*** Begin section ***
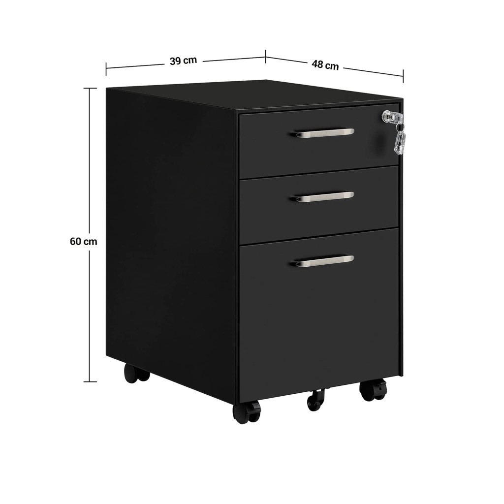 SONGMICS Mobil Irodai Görgős Konténer Acél Zárható 3 Fiókos Fekete
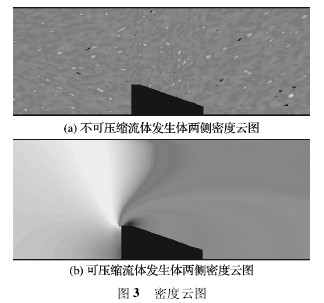 根據公式 ( 1) 可知,影響渦街流量計旋渦頻率的是發(fā)生體兩側的流速 U1和發(fā)生體的結構,由于發(fā)生體結構尺寸是固定的,因此頻率只與 U1相關,需要觀測在相同入口流速 U 的條件下 U1變化來得到頻率的變化,而速度的變化必然會導致流體密度的變化,因此可觀測發(fā)生體兩側的密度云圖,來判斷可壓縮性對渦街流量計流速 U1的影響,通過仿真得到如圖 3 ( a) 所示的不可壓縮流體發(fā)生體兩側的密度云圖和如圖 3 ( b) 所示的可壓縮流體發(fā)生體兩側的密度云圖。
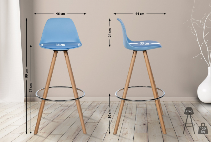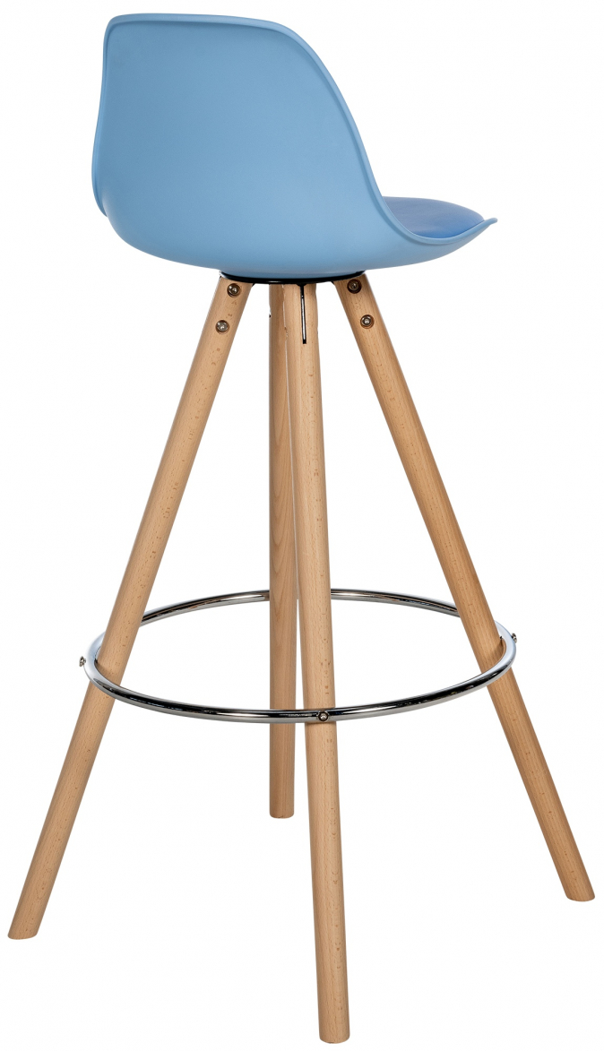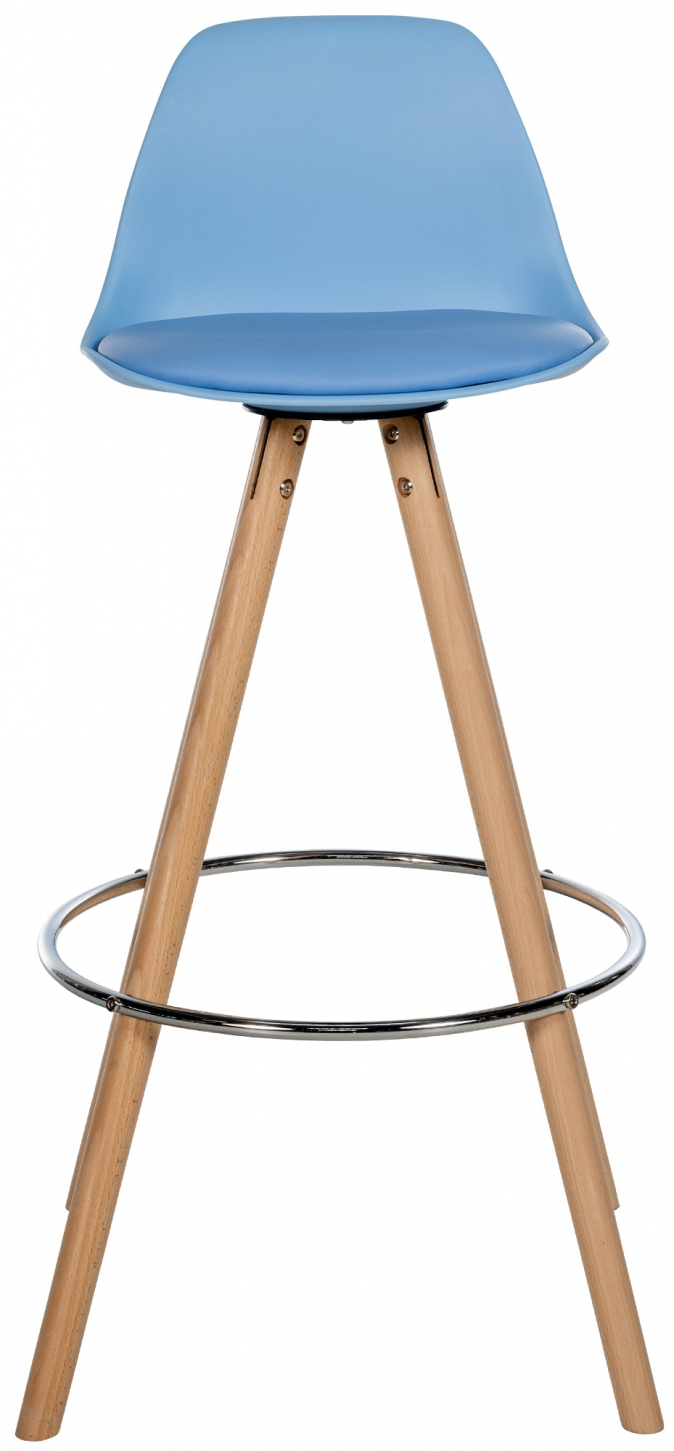 Barová židle Ronin syntetická kůže, / podnož kulatá přírodní podnož /, modrá
*** End section ***
**Prompt:**
Print the material in full and exactly, minus the pictures.

**Output of the task:**
 SONGMICS Mobil Irodai Görgős Konténer Acél Zárható 3 Fiókos Fekete
 根據公式 ( 1) 可知,影響渦街流量計旋渦頻率的是發(fā)生體兩側的流速 U1和發(fā)生體的結構,由于發(fā)生體結構尺寸是固定的,因此頻率只與 U1相關,需要觀測在相同入口流速 U 的條件下 U1變化來得到頻率的變化,而速度的變化必然會導致流體密度的變化,因此可觀測發(fā)生體兩側的密度云圖,來判斷可壓縮性對渦街流量計流速 U1的影響,通過仿真得到如圖 3 ( a) 所示的不可壓縮流體發(fā)生體兩側的密度云圖和如圖 3 ( b) 所示的可壓縮流體發(fā)生體兩側的密度云圖。
 Barová židle Ronin syntetická kůže, / podnož kulatá přírodní podnož /, modrá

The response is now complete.